RESULTS AND CONCLUSIONS
The comparison between the performances of Atlas8 and Atlas7 are shown in Plot 1. The results show that Atlas8 consistently outperforms Atlas7 in the benchmark runs, and the speed-ups range from 2 times (for 24-core jobs) to 5.6 times (for 12-core jobs) (see Tables 1 and 2 above).
The third columns of Tables 1 and 2 show the total CPU time used by the processors to run the jobs. Because Atlas8 has 24 cores within the same system, it is clear that the parallel jobs were able to run more optimally within the same system. There seemed to be less overhead as compared to Atlas7, which saw an increase in the overheads because the Atlas7 systems have only 12-cores within the same node. The larger 22-core and 24-core jobs were run across two Atlas7 nodes, indicating that both CPU time and wall clock times improved once the load was spread across the systems.

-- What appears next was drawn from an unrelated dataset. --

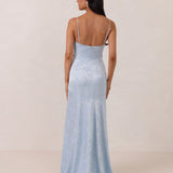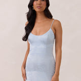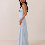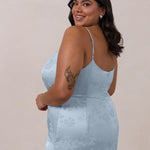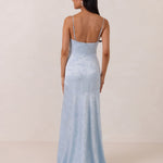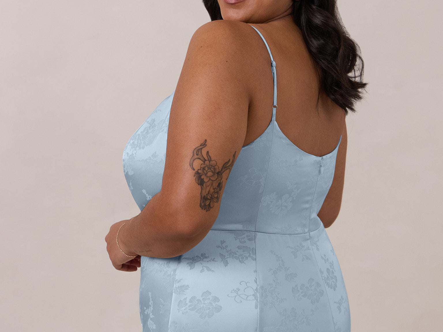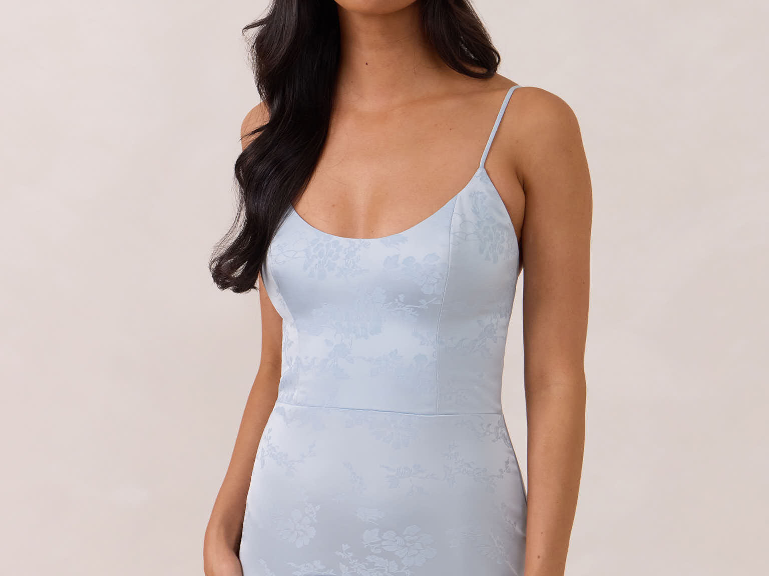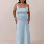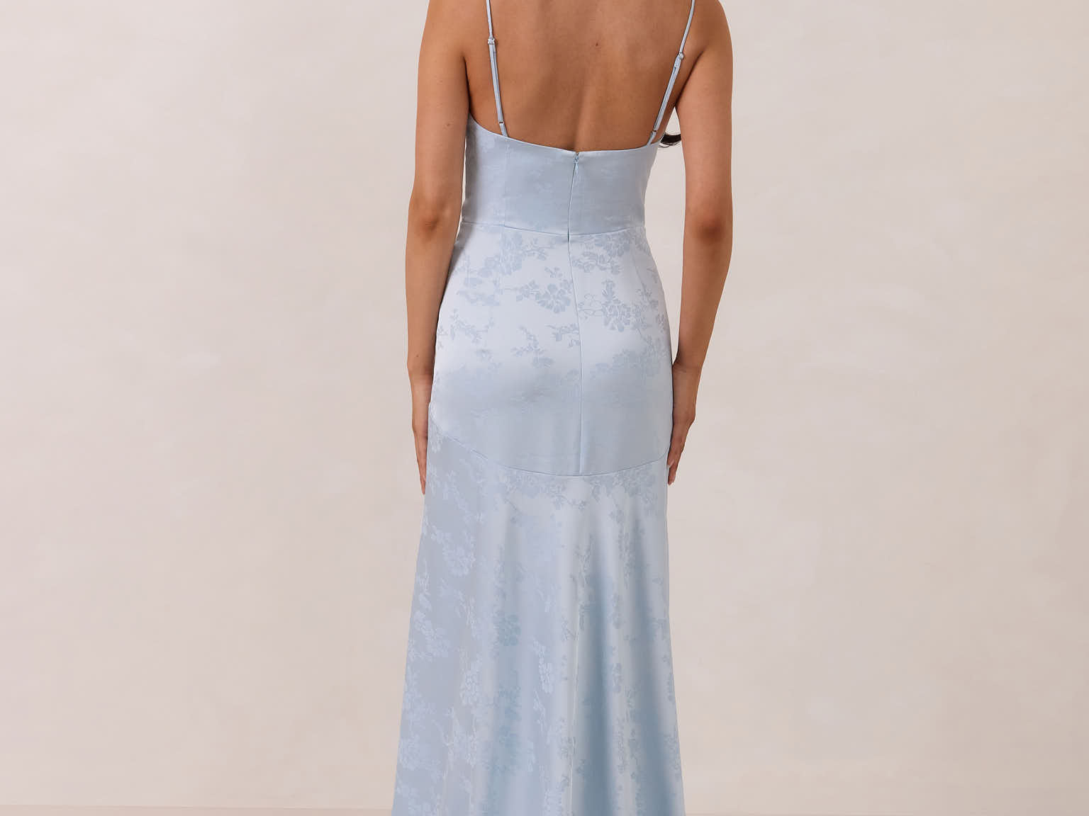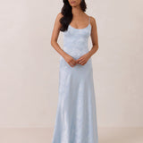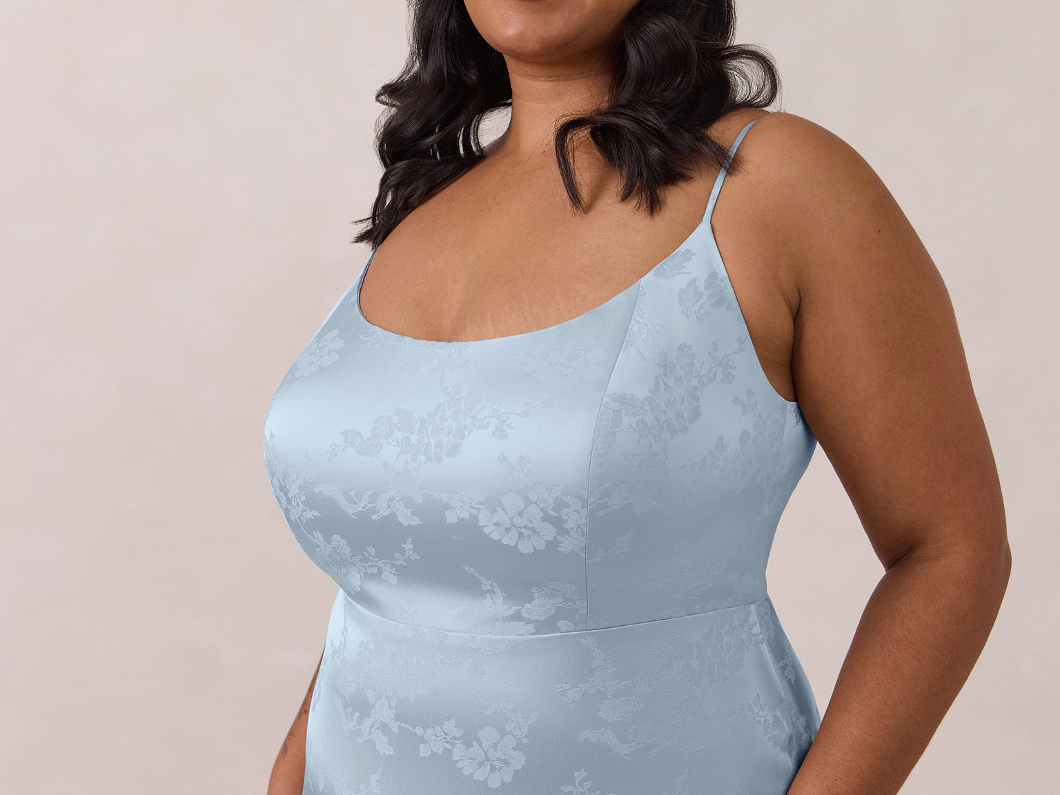 Crafted from luxurious Jacquard satin, this full-length dress features adjustable straps and a flattering drop waist, creating an elegant silhouette with timeless appeal. The scoop neckline and back add a delicate, feminine touch, while the bias-cut skirt flows gracefully to the floor, combining sophistication and comfort for a truly captivating look.

In Table 1, we can see that for this particular benchmark test, the wall clock time improvements started to taper off from 12 cores onwards, and the analysis runs stayed at around 200 seconds even when more cores were used. In conclusion, the performance improvements from using more processors beyond 12 cores were marginal. For such cases, it may be more efficient to run two 12-core jobs instead of a single 24-core job.
Each computational analysis may differ in the amount of time needed to complete the simulation, but it can be observed that in many analysis jobs, their characteristics are similar to the one above: the performance improvements from using more processor cores to run a job decreases as the number of cores increases. It is therefore prudent for each HPC user to find out the optimal number of processors to run the analysis in a similar benchmark exercise, to get the results faster and to complete the project in a shorter duration.